- Founded: 26 June 1955
- Dissolved: December 1956
- Merger of: ANC CPSA SAIC SACTU CPC COD
- Headquarters: Tongaat
- Ideology: Anti-Apartheid Anti-racism Revolutionary Socialism Marxism African-Indian unity Pan-Africanism Third Worldism Left-wing nationalism
- Political position: Left-wing to Far-left
- Party program: Freedom Charter

= Congress Alliance =

Anti-apartheid political coalition in South Africa (1950s)

The Congress Alliance was an anti-apartheid political coalition formed in South Africa in the 1950s. Led by the African National Congress, the CA was multi-racial in makeup and committed to the principle of majority rule.

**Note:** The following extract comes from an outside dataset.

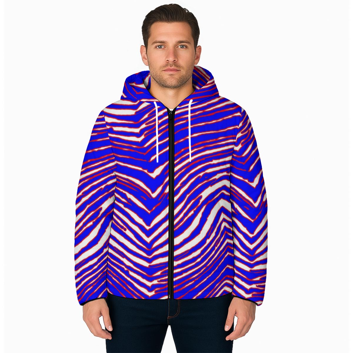 Inspired by iconic zebra football patterns, this hooded jacket adds instant personality to any outfit. The warm insulated construction provides reliable protection against cold weather, while the adjustable hood and relaxed unisex fit ensure comfort for both men and women.

==Congress of the People and the Freedom Charter==

The National Action Council was made up of executives of the African National Congress, the Communist Party of South Africa, the South African Indian Congress (SAIC), the South African Congress of Trade Unions (SACTU), the Coloured People's Congress (CPC) and the South African Congress of Democrats (COD) met in Tongaat on 23 June 1955. This group, who became known as the Congress Alliance, developed the document known as the Freedom Charter and planned the Congress of the People, a large multi-racial gathering held over two days at Kliptown on 26 June 1955. At this rally, the Charter was read out in three languages (English, Sotho and Xhosa), and discussed by various delegates.

The Charter was the statement of core principles of the Alliance, which included a commitment to multi-racial democratic government and a fundamental restructuring of all aspects of South African Society. The Alliance was part of the ANC's efforts to promote a multi-racial anti-apartheid movement.

Other organisations associated with the Congress Alliance included the Federation of South African Women.

== Arrests ==
In December 1956 many key members of the Alliance were arrested and charged with treason, including the entire executive committee of the ANC. 105 Africans, 21 Indians, 23 whites (about half of whom were South African Jews), and 7 Coloured members of the Congress Alliance were arrested. Many leaders, including Nelson Mandela, were detained in communal cells in Johannesburg Prison, resulting in "the largest and longest unbanned meeting of the Congress Alliance in years."

These arrests led to the 1956 Treason Trial, which lasted until 1961 but led to the eventual acquittal of all charged.